━━━━━ Data for review ━━━━━

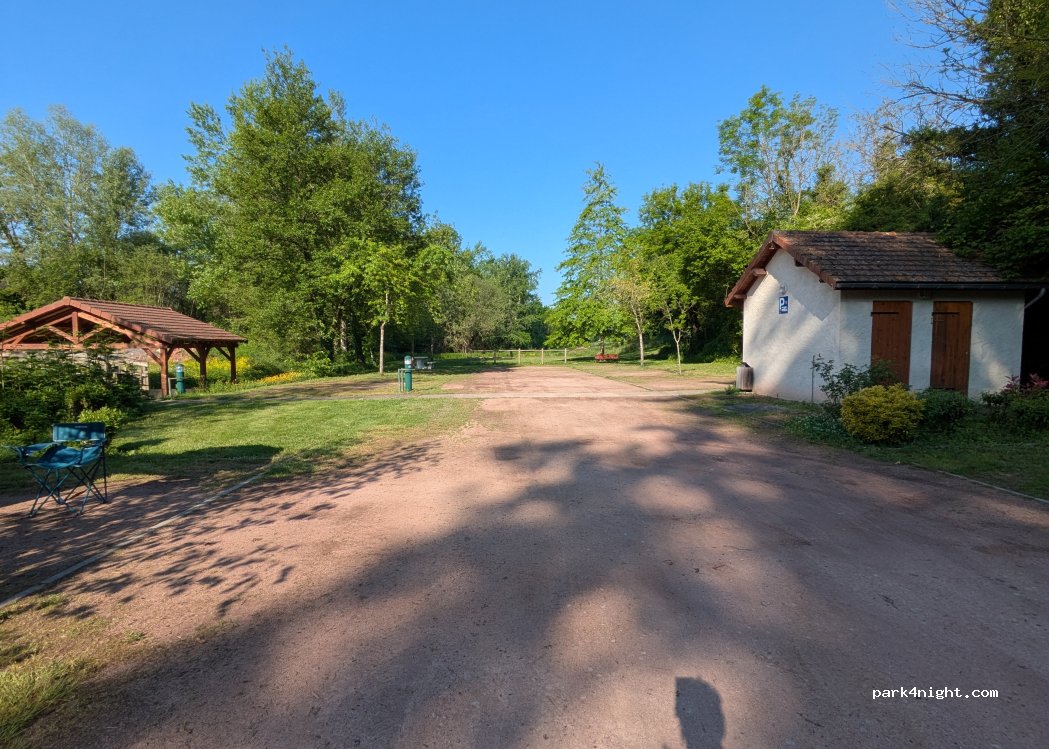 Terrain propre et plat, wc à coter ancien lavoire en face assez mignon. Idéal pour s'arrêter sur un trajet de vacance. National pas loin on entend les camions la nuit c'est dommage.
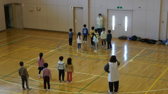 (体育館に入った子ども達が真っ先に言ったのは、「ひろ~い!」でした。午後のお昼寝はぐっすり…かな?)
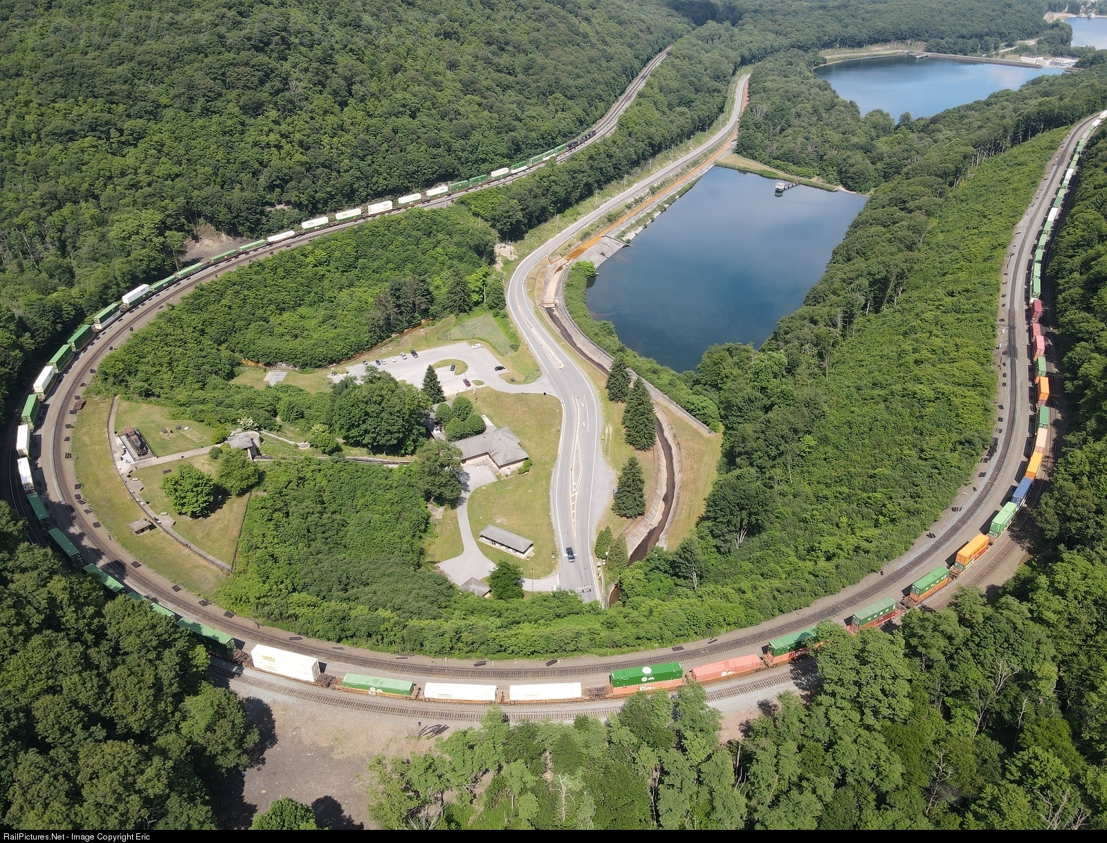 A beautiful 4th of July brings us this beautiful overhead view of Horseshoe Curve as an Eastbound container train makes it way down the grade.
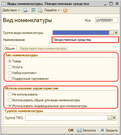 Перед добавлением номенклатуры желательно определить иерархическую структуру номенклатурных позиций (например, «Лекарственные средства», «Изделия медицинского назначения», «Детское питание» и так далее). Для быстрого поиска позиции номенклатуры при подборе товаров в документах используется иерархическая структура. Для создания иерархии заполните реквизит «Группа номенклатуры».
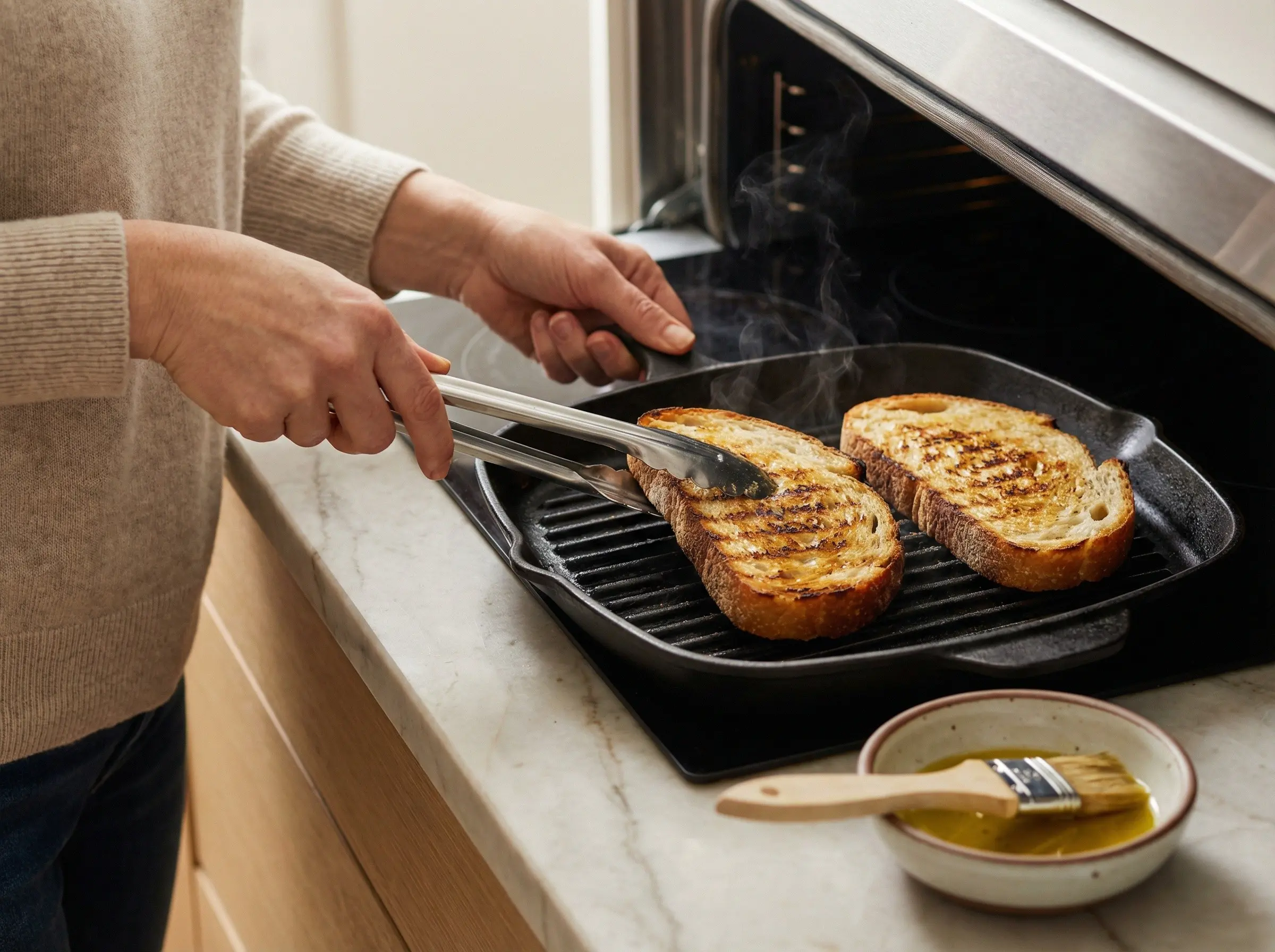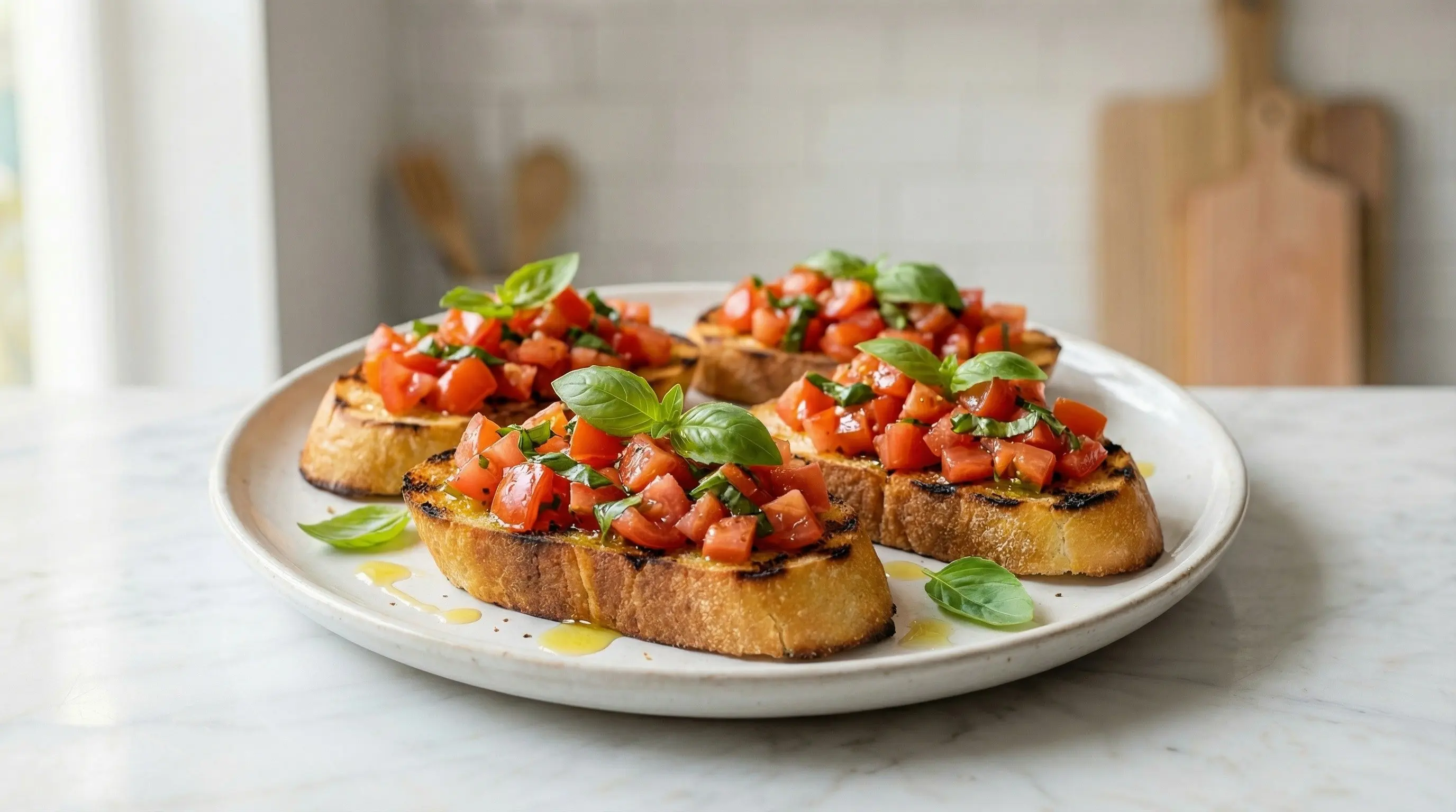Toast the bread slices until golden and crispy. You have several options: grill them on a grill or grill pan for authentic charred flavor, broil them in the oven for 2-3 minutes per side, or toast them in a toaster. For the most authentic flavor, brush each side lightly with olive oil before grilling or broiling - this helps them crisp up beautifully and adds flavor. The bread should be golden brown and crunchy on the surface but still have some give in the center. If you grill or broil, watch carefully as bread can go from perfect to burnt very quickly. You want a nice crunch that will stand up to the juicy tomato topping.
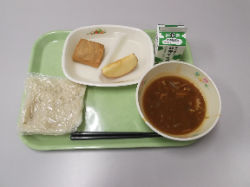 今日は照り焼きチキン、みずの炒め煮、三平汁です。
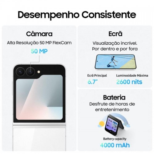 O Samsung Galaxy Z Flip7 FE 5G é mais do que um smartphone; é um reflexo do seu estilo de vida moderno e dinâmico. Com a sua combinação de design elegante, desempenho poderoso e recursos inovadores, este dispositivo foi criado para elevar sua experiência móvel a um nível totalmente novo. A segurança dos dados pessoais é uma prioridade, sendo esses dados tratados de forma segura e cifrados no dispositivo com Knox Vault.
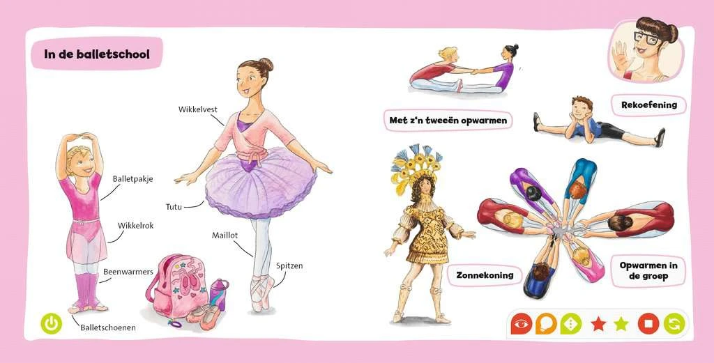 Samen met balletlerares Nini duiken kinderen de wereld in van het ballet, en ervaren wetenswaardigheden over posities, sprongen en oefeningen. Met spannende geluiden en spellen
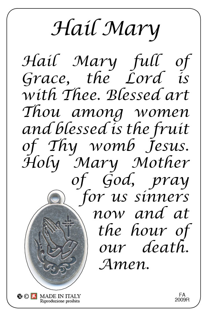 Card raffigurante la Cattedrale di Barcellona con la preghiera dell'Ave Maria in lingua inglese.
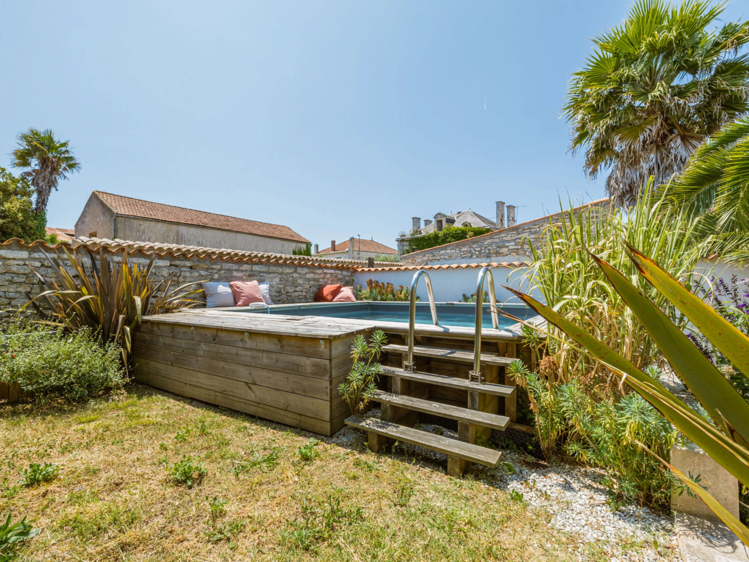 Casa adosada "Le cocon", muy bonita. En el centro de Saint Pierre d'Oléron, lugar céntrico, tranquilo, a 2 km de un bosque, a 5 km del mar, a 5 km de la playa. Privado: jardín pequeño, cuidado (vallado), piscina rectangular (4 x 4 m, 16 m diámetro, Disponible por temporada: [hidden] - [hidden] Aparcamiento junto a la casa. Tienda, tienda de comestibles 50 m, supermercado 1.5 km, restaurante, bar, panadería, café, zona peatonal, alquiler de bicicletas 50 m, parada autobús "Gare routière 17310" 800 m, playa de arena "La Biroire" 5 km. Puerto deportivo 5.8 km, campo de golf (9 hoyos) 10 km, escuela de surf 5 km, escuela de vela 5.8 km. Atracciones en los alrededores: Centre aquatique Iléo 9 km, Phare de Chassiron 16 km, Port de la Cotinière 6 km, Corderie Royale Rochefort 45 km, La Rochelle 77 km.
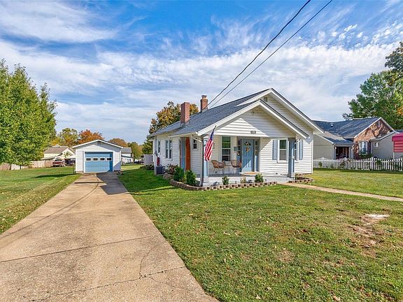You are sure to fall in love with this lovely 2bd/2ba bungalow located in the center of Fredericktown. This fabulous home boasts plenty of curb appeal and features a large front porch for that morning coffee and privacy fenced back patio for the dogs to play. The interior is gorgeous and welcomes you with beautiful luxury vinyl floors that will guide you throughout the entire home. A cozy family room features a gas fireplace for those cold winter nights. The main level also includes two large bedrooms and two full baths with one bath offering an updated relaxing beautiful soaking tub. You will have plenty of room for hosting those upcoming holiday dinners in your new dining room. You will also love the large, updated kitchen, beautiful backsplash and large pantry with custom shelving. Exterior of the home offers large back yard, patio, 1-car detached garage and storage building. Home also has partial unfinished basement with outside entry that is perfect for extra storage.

━━━━━

• **Exercise requirements**: Output every record verbatim, skipping images.

• **Your response**:
 Terrain propre et plat, wc à coter ancien lavoire en face assez mignon. Idéal pour s'arrêter sur un trajet de vacance. National pas loin on entend les camions la nuit c'est dommage.
 (体育館に入った子ども達が真っ先に言ったのは、「ひろ~い!」でした。午後のお昼寝はぐっすり…かな?)
 A beautiful 4th of July brings us this beautiful overhead view of Horseshoe Curve as an Eastbound container train makes it way down the grade.
 Перед добавлением номенклатуры желательно определить иерархическую структуру номенклатурных позиций (например, «Лекарственные средства», «Изделия медицинского назначения», «Детское питание» и так далее). Для быстрого поиска позиции номенклатуры при подборе товаров в документах используется иерархическая структура. Для создания иерархии заполните реквизит «Группа номенклатуры».
Toast the bread slices until golden and crispy. You have several options: grill them on a grill or grill pan for authentic charred flavor, broil them in the oven for 2-3 minutes per side, or toast them in a toaster. For the most authentic flavor, brush each side lightly with olive oil before grilling or broiling - this helps them crisp up beautifully and adds flavor. The bread should be golden brown and crunchy on the surface but still have some give in the center. If you grill or broil, watch carefully as bread can go from perfect to burnt very quickly. You want a nice crunch that will stand up to the juicy tomato topping.
 今日は照り焼きチキン、みずの炒め煮、三平汁です。
 O Samsung Galaxy Z Flip7 FE 5G é mais do que um smartphone; é um reflexo do seu estilo de vida moderno e dinâmico. Com a sua combinação de design elegante, desempenho poderoso e recursos inovadores, este dispositivo foi criado para elevar sua experiência móvel a um nível totalmente novo. A segurança dos dados pessoais é uma prioridade, sendo esses dados tratados de forma segura e cifrados no dispositivo com Knox Vault.
 Samen met balletlerares Nini duiken kinderen de wereld in van het ballet, en ervaren wetenswaardigheden over posities, sprongen en oefeningen. Met spannende geluiden en spellen
 Card raffigurante la Cattedrale di Barcellona con la preghiera dell'Ave Maria in lingua inglese.
 Casa adosada "Le cocon", muy bonita. En el centro de Saint Pierre d'Oléron, lugar céntrico, tranquilo, a 2 km de un bosque, a 5 km del mar, a 5 km de la playa. Privado: jardín pequeño, cuidado (vallado), piscina rectangular (4 x 4 m, 16 m diámetro, Disponible por temporada: [hidden] - [hidden] Aparcamiento junto a la casa. Tienda, tienda de comestibles 50 m, supermercado 1.5 km, restaurante, bar, panadería, café, zona peatonal, alquiler de bicicletas 50 m, parada autobús "Gare routière 17310" 800 m, playa de arena "La Biroire" 5 km. Puerto deportivo 5.8 km, campo de golf (9 hoyos) 10 km, escuela de surf 5 km, escuela de vela 5.8 km. Atracciones en los alrededores: Centre aquatique Iléo 9 km, Phare de Chassiron 16 km, Port de la Cotinière 6 km, Corderie Royale Rochefort 45 km, La Rochelle 77 km.
You are sure to fall in love with this lovely 2bd/2ba bungalow located in the center of Fredericktown. This fabulous home boasts plenty of curb appeal and features a large front porch for that morning coffee and privacy fenced back patio for the dogs to play. The interior is gorgeous and welcomes you with beautiful luxury vinyl floors that will guide you throughout the entire home. A cozy family room features a gas fireplace for those cold winter nights. The main level also includes two large bedrooms and two full baths with one bath offering an updated relaxing beautiful soaking tub. You will have plenty of room for hosting those upcoming holiday dinners in your new dining room. You will also love the large, updated kitchen, beautiful backsplash and large pantry with custom shelving. Exterior of the home offers large back yard, patio, 1-car detached garage and storage building. Home also has partial unfinished basement with outside entry that is perfect for extra storage.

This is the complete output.